Avoid power struggles
Most teachers agree: stay away from that undefeated power struggle. As Chris W says, “Choose your fight. One of my students corrects me all the time, whether I make a mistake or not. I answer, ‘OK, let’s double-check it.’ If I make a mistake, I correct it and we move on; if he makes a mistake, I silently let him know. “
Create personal connections
Often children with ODD are looking for a relationship with a teacher who can help them deal with their own problems instead of isolating them in a negative way. Creating a connection with them will help you get to the root of the problem.
“Almost all of my students have ODD, and I have a good relationship with most of them,” Kendra J said. “Find out what they’re interested in and have conversations at their level during breaks.” Allow them to set goals and decide together what will happen if they do not meet the goals.

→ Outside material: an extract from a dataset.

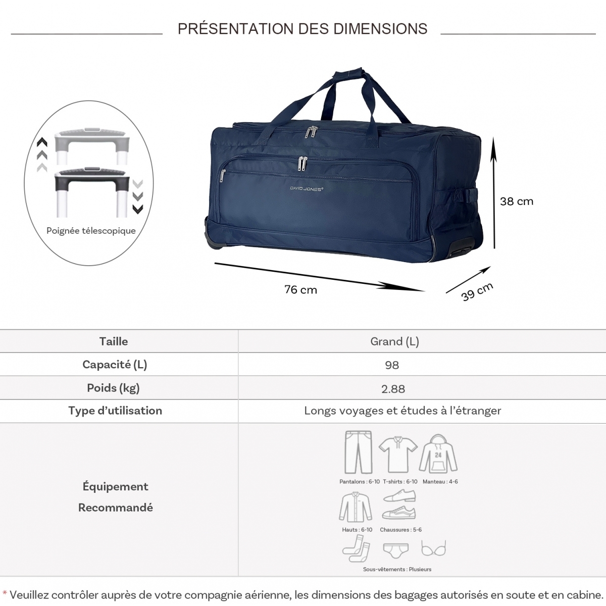 | Libellé | Sac de voyage avec roulettes 98L 76cm |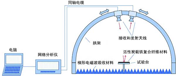 采用拱形法研究了電磁波吸收性能。測試裝置在圖1中示意性地示出。矢量網絡分析儀與接收和發射天線相連,其中一個具有增強和發射頻率電磁波的功能,另一個具有接收反射信號的功能。根據反饋信號強度,活性炭載鐵復合纖維材料的尺寸為180×180mm,厚度為2mm。

Carol H. Says, “Find something at the level of student interest. I once had a high school girl who hated all her teachers and was out of control. He would curse, scratch, bite, and refuse to finish work for adults and peers. I found out he played football for a tour team. My son did the same. A few weeks into the school year, she had a game with my son, and I was able to watch her play. It has changed everything. He’s a freshman at college, and we’re still in touch. “
Find ODD resources.
This is an overview of what students with ODD are experiencing. Educate yourself about the situation in your classroom to find more ways to understand and help these kids.